In it he said the last enemy was fear itself, and if you could conquer that bastard, you could beat all the others.

He was right, so right.

Which is why it makes me so sad to see our people, once the bravest in the world, consumed by a knicker-wetting panic, deliberate­ly preached over many months by people who are supposed to be leading us.

Revelation after revelation shows the Covid-19 pandemic actually has a far lower death toll than we have been told.
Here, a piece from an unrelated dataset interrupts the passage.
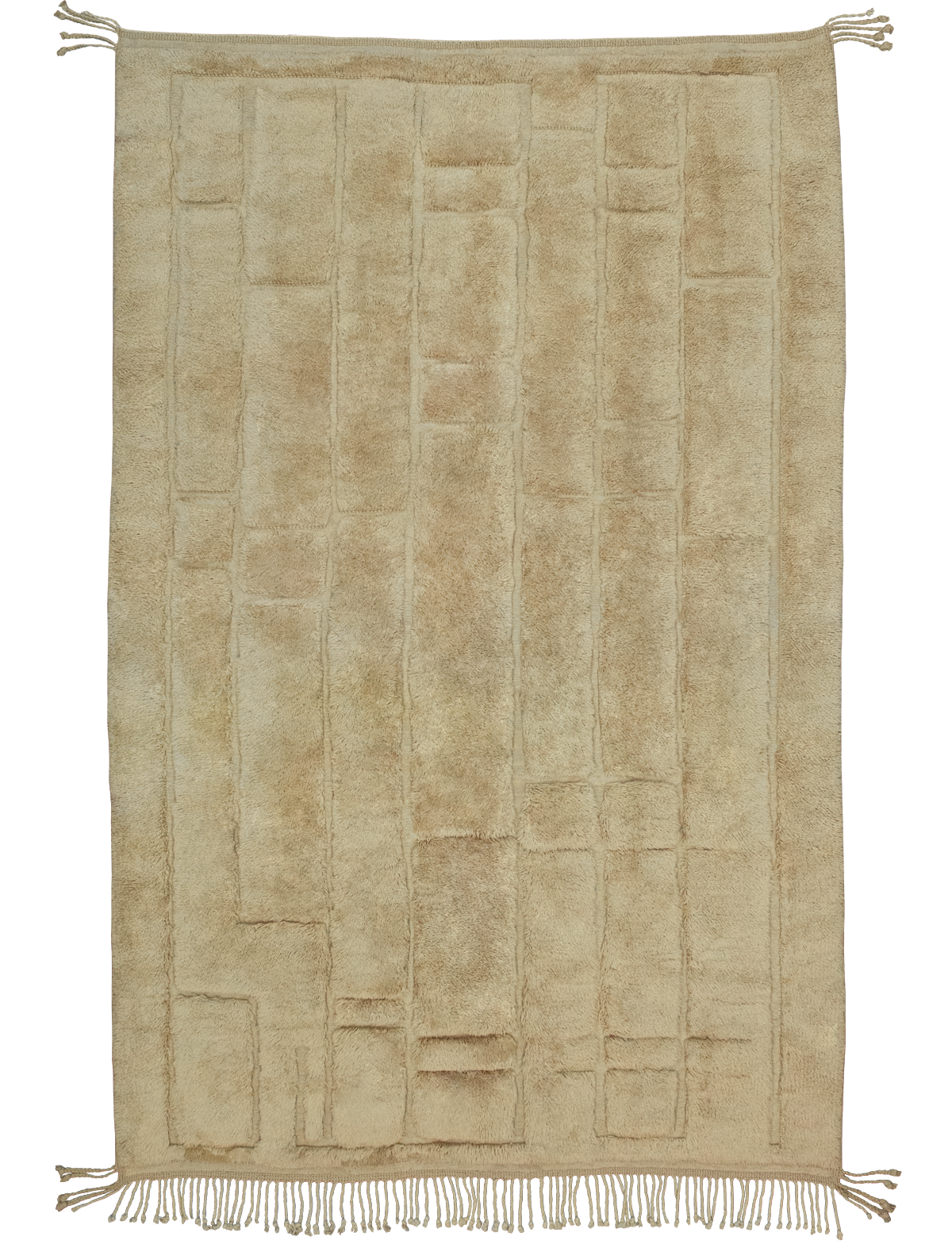 Adilah is a Berber Moroccan Rug part of the Mamounia collection by Sahrai – a Collection conveying the spirit of North-African nomadic tribes. Finely handknotted in wool, it features a two-pile-height geometric pattern. Its refined neutral palette—ranging from warm ivory to soft sand—enhances the depth of the design, offering both visual and tactile richness. If you need a size, shape or color not listed here, you are welcome to place a bespoke order.

The books have been cooked, the figures doctored (which is more than we have been) and the lethality grossly exaggerate­d.

In the process our booming economy has been damaged almost beyond repair, hundreds of thousands of small and medium businesses destroyed, giants reduced to shells consumed by debt, millions made redundant and the hopes of the young smashed. The pending taxes alone will reduce millions expecting a comfortabl­e old age to penury.

I suspect that one day the final, and accurate, picture will reveal the extra death toll to be 10 or 15 per cent more than the annual norm.

I doubt the spirit of Richard Hillary would even recognise us.